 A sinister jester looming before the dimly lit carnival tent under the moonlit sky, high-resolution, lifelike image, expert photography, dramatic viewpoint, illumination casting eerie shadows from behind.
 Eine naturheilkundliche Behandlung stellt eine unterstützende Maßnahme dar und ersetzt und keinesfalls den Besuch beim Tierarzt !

#####

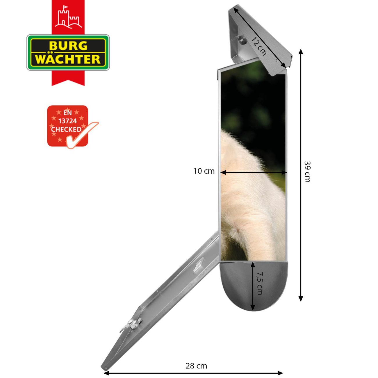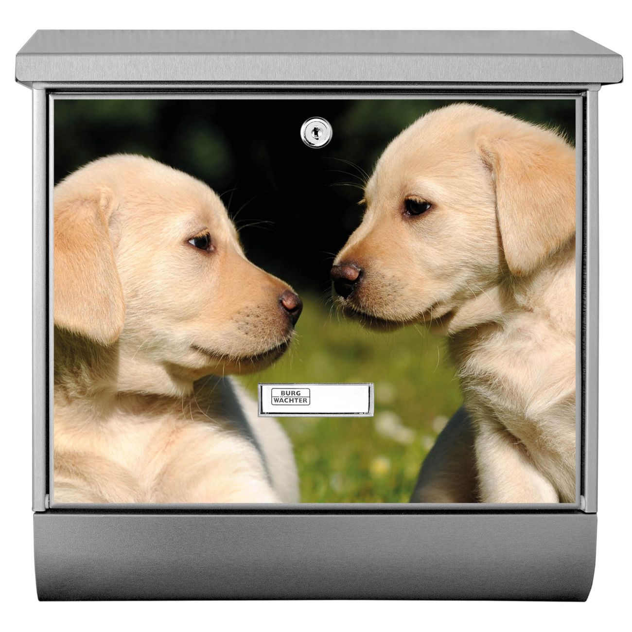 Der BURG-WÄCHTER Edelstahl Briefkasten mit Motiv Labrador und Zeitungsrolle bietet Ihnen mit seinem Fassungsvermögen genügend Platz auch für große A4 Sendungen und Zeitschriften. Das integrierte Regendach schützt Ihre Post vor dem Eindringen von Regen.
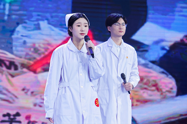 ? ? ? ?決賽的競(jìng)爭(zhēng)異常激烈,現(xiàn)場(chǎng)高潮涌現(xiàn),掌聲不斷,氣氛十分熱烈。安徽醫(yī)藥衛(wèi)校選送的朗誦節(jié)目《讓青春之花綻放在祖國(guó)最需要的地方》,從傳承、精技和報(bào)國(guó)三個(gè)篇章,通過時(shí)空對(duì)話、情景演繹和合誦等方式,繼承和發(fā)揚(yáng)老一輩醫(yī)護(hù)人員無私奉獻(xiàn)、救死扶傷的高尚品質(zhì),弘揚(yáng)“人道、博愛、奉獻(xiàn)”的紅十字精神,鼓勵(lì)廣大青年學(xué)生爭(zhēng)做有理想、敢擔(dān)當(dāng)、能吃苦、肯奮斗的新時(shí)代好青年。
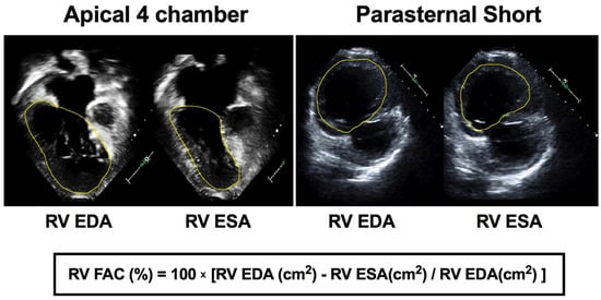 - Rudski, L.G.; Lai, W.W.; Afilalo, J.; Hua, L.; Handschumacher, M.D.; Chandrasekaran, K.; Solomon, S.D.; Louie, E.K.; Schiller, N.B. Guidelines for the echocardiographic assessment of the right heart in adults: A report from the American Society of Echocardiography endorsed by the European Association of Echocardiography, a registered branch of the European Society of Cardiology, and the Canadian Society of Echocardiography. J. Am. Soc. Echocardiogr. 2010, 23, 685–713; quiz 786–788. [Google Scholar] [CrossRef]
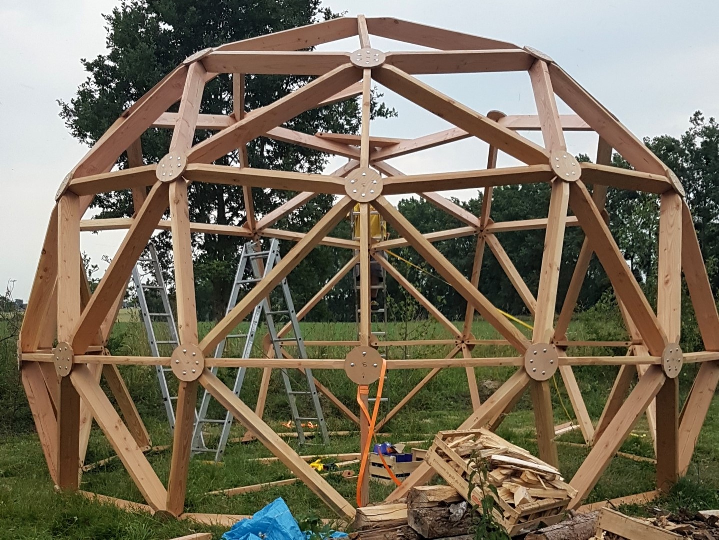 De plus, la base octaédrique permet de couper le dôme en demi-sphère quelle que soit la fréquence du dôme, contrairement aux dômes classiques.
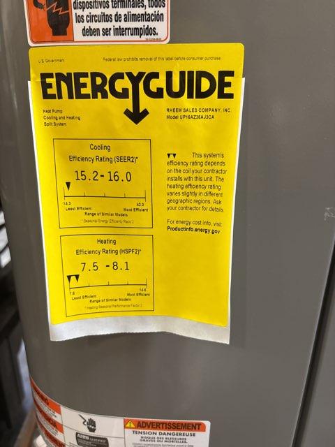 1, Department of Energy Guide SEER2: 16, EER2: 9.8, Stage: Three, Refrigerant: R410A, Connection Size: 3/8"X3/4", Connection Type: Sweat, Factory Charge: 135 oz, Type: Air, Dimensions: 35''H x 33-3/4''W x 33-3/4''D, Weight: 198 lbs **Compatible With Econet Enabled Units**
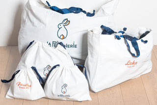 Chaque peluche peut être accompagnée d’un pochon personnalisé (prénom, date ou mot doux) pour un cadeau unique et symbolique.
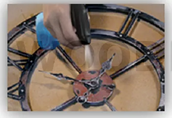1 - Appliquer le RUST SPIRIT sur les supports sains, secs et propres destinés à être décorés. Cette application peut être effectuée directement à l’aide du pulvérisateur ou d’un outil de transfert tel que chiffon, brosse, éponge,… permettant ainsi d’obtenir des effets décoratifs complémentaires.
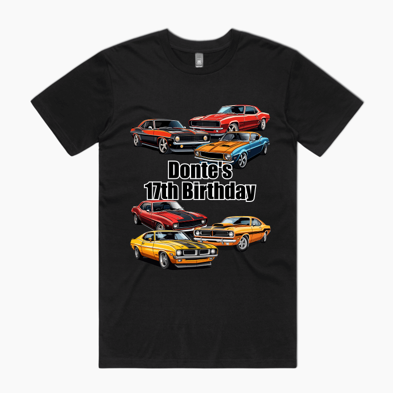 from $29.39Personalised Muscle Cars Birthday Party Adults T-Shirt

#####

*Problem description:*
Reproduce the lines above beginning at the line that contains "1 - Appliquer" and ending at the line that contains "from $29.39Personalised Muscle". No pictures.

*Response to the task:*
1 - Appliquer le RUST SPIRIT sur les supports sains, secs et propres destinés à être décorés. Cette application peut être effectuée directement à l’aide du pulvérisateur ou d’un outil de transfert tel que chiffon, brosse, éponge,… permettant ainsi d’obtenir des effets décoratifs complémentaires.
 from $29.39Personalised Muscle Cars Birthday Party Adults T-Shirt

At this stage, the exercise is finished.